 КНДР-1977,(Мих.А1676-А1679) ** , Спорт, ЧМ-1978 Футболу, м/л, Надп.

******

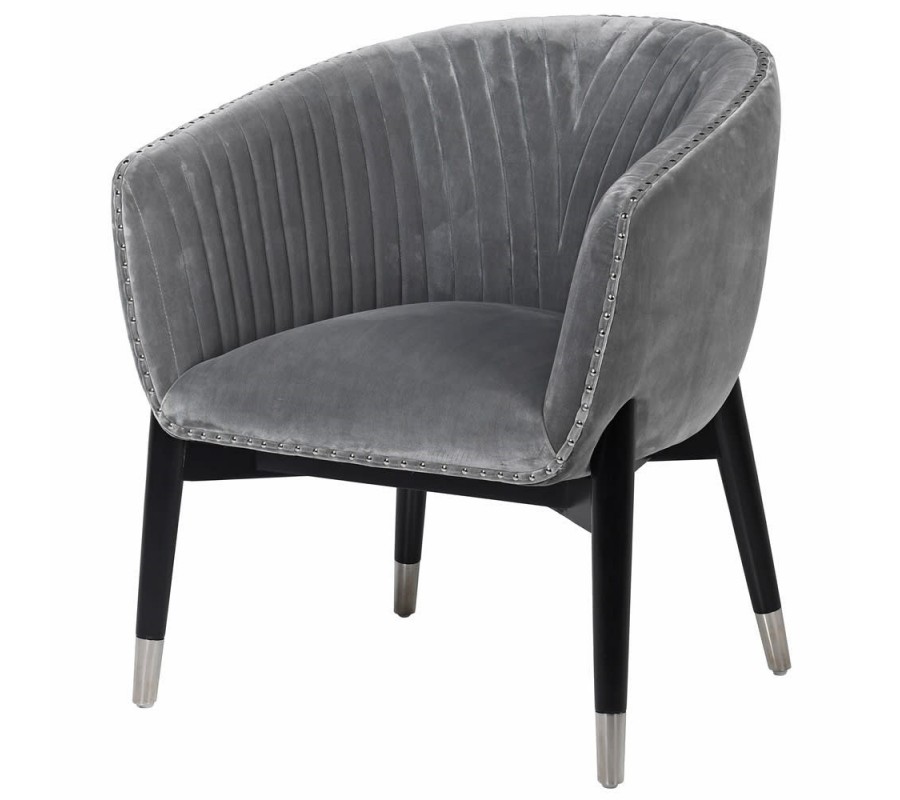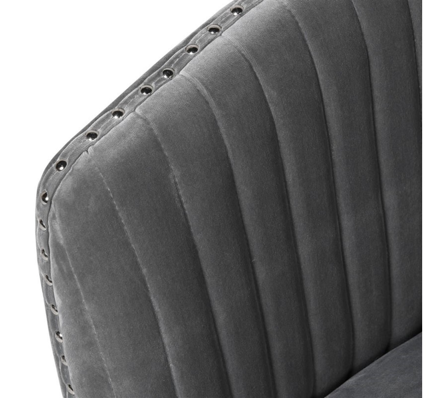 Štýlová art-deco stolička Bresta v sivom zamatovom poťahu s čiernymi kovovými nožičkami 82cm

******

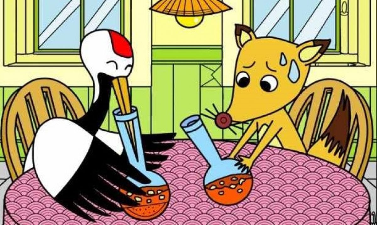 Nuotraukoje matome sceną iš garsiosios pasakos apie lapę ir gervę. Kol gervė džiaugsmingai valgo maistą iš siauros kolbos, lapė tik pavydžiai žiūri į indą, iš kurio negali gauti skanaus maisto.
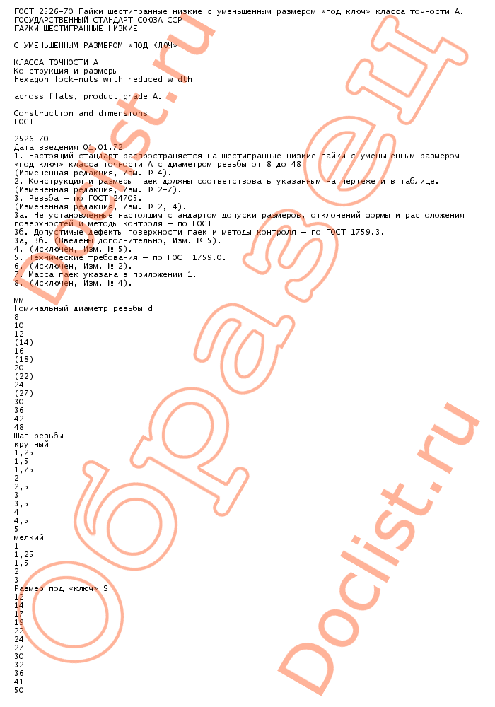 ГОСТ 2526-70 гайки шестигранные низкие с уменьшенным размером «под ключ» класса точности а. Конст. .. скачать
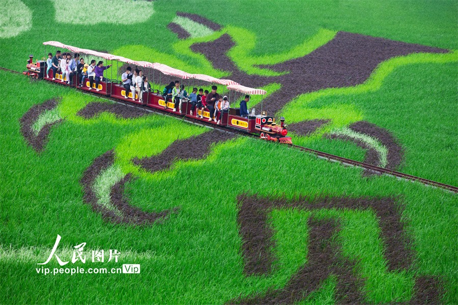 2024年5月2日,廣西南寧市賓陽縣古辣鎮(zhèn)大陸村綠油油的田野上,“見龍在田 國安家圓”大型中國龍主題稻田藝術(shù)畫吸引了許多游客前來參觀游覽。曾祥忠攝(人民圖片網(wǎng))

******

### WHAT THE TASK ASKS
Pictures aside, return exactly the lines from the data above, starting at the line that has "ГОСТ 2526-70 гайки" and ending at the line that has "2024年5月2日,廣西南寧", both included.

### YOUR RESPONSE
 ГОСТ 2526-70 гайки шестигранные низкие с уменьшенным размером «под ключ» класса точности а. Конст. .. скачать
 2024年5月2日,廣西南寧市賓陽縣古辣鎮(zhèn)大陸村綠油油的田野上,“見龍在田 國安家圓”大型中國龍主題稻田藝術(shù)畫吸引了許多游客前來參觀游覽。曾祥忠攝(人民圖片網(wǎng))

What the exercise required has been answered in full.